To ensure that our lysis and isolation conditions are not biasing the results against previously reported nuclear Hdac4 interactions, we performed an additional IP experiment. We used our previously generated HDAC4-GFP expressing CEM-T cells and immunoaffinity purified HDAC4-GFP using the same lysis conditions as for our brain sample with either anti-GFP antibodies or the antibody against endogenous HDAC4. As we expected for CEM-T cells, where HDAC4 has both prominent nuclear and cytoplasmic localization, we identified its known functional interactions with nuclear proteins, including NCOR1 and TBL1XR1 (supplemental Fig. S2). Therefore, this combination of resin, antibody and lysis condition is effective for isolating HDAC4 and its interactions regardless of their subcellular localization. Adding further confidence to the cytoplasmic localization of Hdac4 in brain tissue, we also compared the relative levels of phosphorylated Hdac4 at Ser629 (pSer629, Ser632 in human), which is known to be a 14–3-3 interaction site required for Hdac4 shuttling to the cytoplasm. Normalized to total Hdac4 isolated, we observed over 400-fold increases in pSer629 levels in the brain samples when compared with T-cells (Fig 2B) (28). Having confirmed that our method was not biasing against the detection of known Hdac4 nuclear interactions, we proceeded to further investigate the functional classes of the interactions observed in brain tissue.

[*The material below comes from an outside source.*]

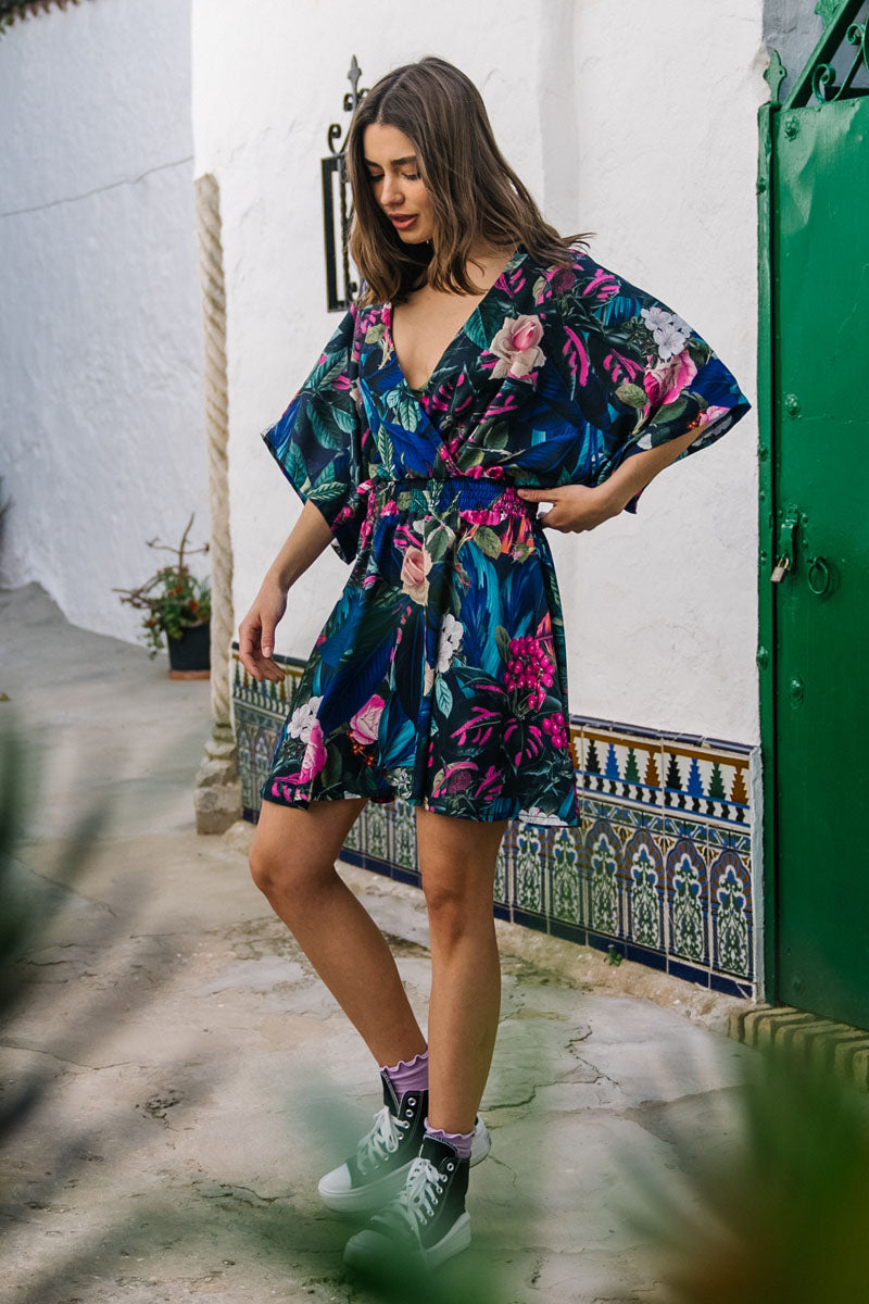 Całkowicie nowy model – sukienka SIESTA w princie Rowanberry Pink. Bardzo kobiecy fason z dekoltem V. Umieszczony w tali ściągacz umożliwia dopasowanie sukienki do każdego rodzaju sylwetki, jednocześnie podkreśla talię. Sukienka w stylu kimona, rękawy, które stopniowo się rozszerzają oraz zwiewny dół.

Among the identified Hdac4 associations were those with RNA binding proteins and proteins involved in phosphoinositide (PI) signaling, neuronal function and vesicle trafficking (Fig 2A). Interestingly, PCA analysis of Hdac4 interactions did not reveal any overt trends driven by age or Q length (Fig 2C). However, a comparison of the relative abundances (based on MS1 peak-area label-free quantitation) of these interactions did show a slight decreasing trend with both age and Q length (Fig 3A). Of note, this trend was not influenced by the differential selection of SAINT score cutoff for the Q140 10-month sample when compared with the other IPs, as a similar trend was observed when using ≥0.8 SAINT scores for all Hdac4 IPs (supplemental Fig. S3). Further assessment of these age- and Q-dependent changes revealed clusters of decreasing and increasing associations within distinct functional groups (Fig. 3B).

The RNA binding proteins grouped into four distinct abundance profiles (Fig 3B) as shown in the line plots. Individual proteins in the highlighted groups are shown in heatmaps below the line plots. Group 1 exhibited a slight increase in Hdac4 association in the Q140 mice with little age-dependent change. Group 2 RNA binding proteins, on the other hand, did not change their associations with Hdac4 in a Q length-dependent manner, but had an evident age-dependent decrease in association. These proteins include RNA-binding protein with serine-rich domain 1 (Rnps1) and RNA-binding protein 39 (Rbm39) that are involved in mRNA splicing (43). Group 3 exhibited both and age and Q length-dependent decrease in association. Included in this group are the proteins Zinc finger RNA-binding protein (Zfr) and Staufen homolog 2 (Stau2). Zfr has been reported to control the cytoplasmic localization of Stau2 (44), which transports RNA from the cell body to the dendrite. Group 4 retained similar associations with Hdac4 at all conditions, except for an increase at 10 months of age in the Q20 animals. The ribosomal and translation-associated proteins had a trend of decreased associations with both age and Q length, whereas the polysome proteins only exhibited an age-related decrease in Hdac4 association. It should be noted that ribosome proteins are frequently identified in IP-MS data sets as possible nonspecific associations. Given their relative enrichment compared with control isolations, it is possible that these represent specific Hdac4 associations in this biological context. Altogether, this Hdac4 association with RNA binding proteins and proteins associated with cytosolic ribosomes, polysomes, and translation, could suggest and involvement for Hdac4 in post-transcriptional regulation in mouse brain.

The Hdac4 association with cytoplasmic proteins could also be divided into three main abundance profiles groups (Fig 3B). Of interest are the groups that contained either interactions that increased with age or decreased with polyQ length (groups 2 and 3, respectively). Group 3 contained proteins involved in cytoskeletal regulation, including sorting nexin-33 (Snx33) (45) and KN motif and ankyrin repeat domain-containing protein 4 (Kank4) (46).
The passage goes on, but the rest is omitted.